## DATA BLOCK
▬▬▬▬▬▬▬▬▬▬

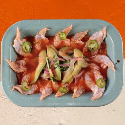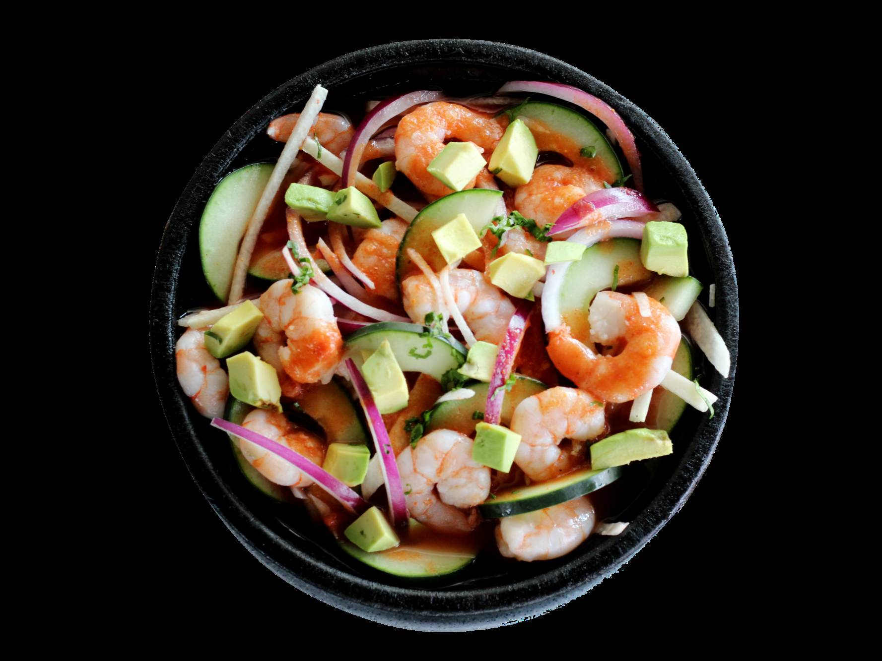 Camarón curtido en limón, salsa de la casa con ari, chile chiltepín, cebolla, chile de árbol, chile serrano, cebolla, pepino y aguacate.
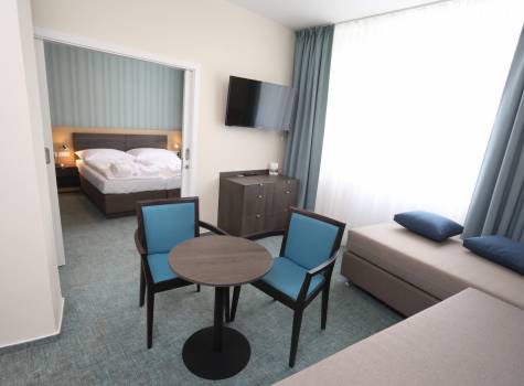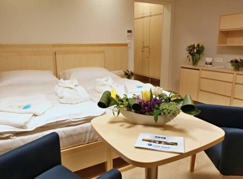+ 1 dalších fotekDvoupokojové apartmá v hlavní budově (pro max. 3 osoby): obývací pokoj a ložnice, koupelna se sprchovým koutem a WC, fén, sat. TV včetně programů rádií, telefon, lednice, varná konvice, klimatizace, bezpečnostní schránky, WiFi, pantofle, župany. Apartmá B7 se nachází v pavilonu B (50 m od hlavní budovy lázní).
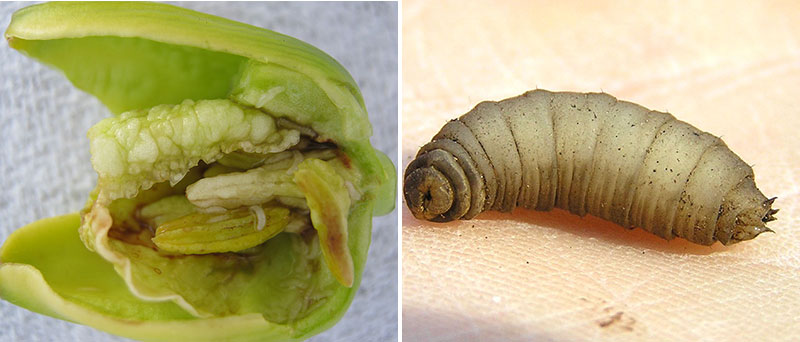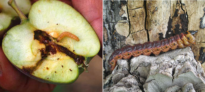 Till vänster: Vecklarlarver kan angripa både blommor, blad och frukter. I äpplen gör vecklarlarven en grov gång in till kärnhuset, till skillnad från rönnbärsmalen som gör många små gångar i hela frukten. Bekämpas med feromonfälla. TIll höger: Träd-ödarens 10 cm långa larv gnager på lövträd och lämnar efter sig ett gnagmjöl.
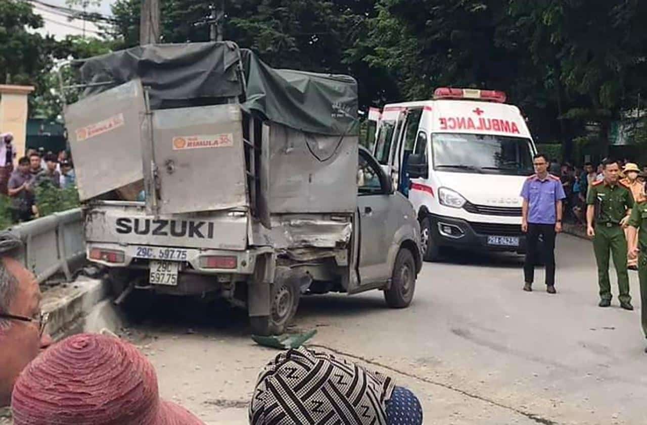 Khi vừa đi qua ngã 4 giao với đường liên xã Ba Chàng (xã Dương Liễu, huyện Hoài Đức), lái xe không giảm tốc độ nên phần đầu xe đâm vào phần thùng xe bên phải của xe ô tô tải loại xe 7 tạ biển kiểm soát 29C-59775 do anh Lê Văn Ngà (sinh năm 1966, ở cụm 9, xã Thọ An, huyện Đan Phượng, Hà Nội) điều khiển hướng xã Dương Liễu đi xã Đức Thượng đang đi vào ngã tư.

▬▬▬▬▬▬▬▬▬▬

## WHAT THE EXERCISE ASKS
Would you set down only the lines above from the line with "hlavní budovy lázní)." to the line with "Till vänster: Vecklarlarver", both included, exactly as they stand and without the pictures?

## RESPONSE
+ 1 dalších fotekDvoupokojové apartmá v hlavní budově (pro max. 3 osoby): obývací pokoj a ložnice, koupelna se sprchovým koutem a WC, fén, sat. TV včetně programů rádií, telefon, lednice, varná konvice, klimatizace, bezpečnostní schránky, WiFi, pantofle, župany. Apartmá B7 se nachází v pavilonu B (50 m od hlavní budovy lázní).
 Till vänster: Vecklarlarver kan angripa både blommor, blad och frukter. I äpplen gör vecklarlarven en grov gång in till kärnhuset, till skillnad från rönnbärsmalen som gör många små gångar i hela frukten. Bekämpas med feromonfälla. TIll höger: Träd-ödarens 10 cm långa larv gnager på lövträd och lämnar efter sig ett gnagmjöl.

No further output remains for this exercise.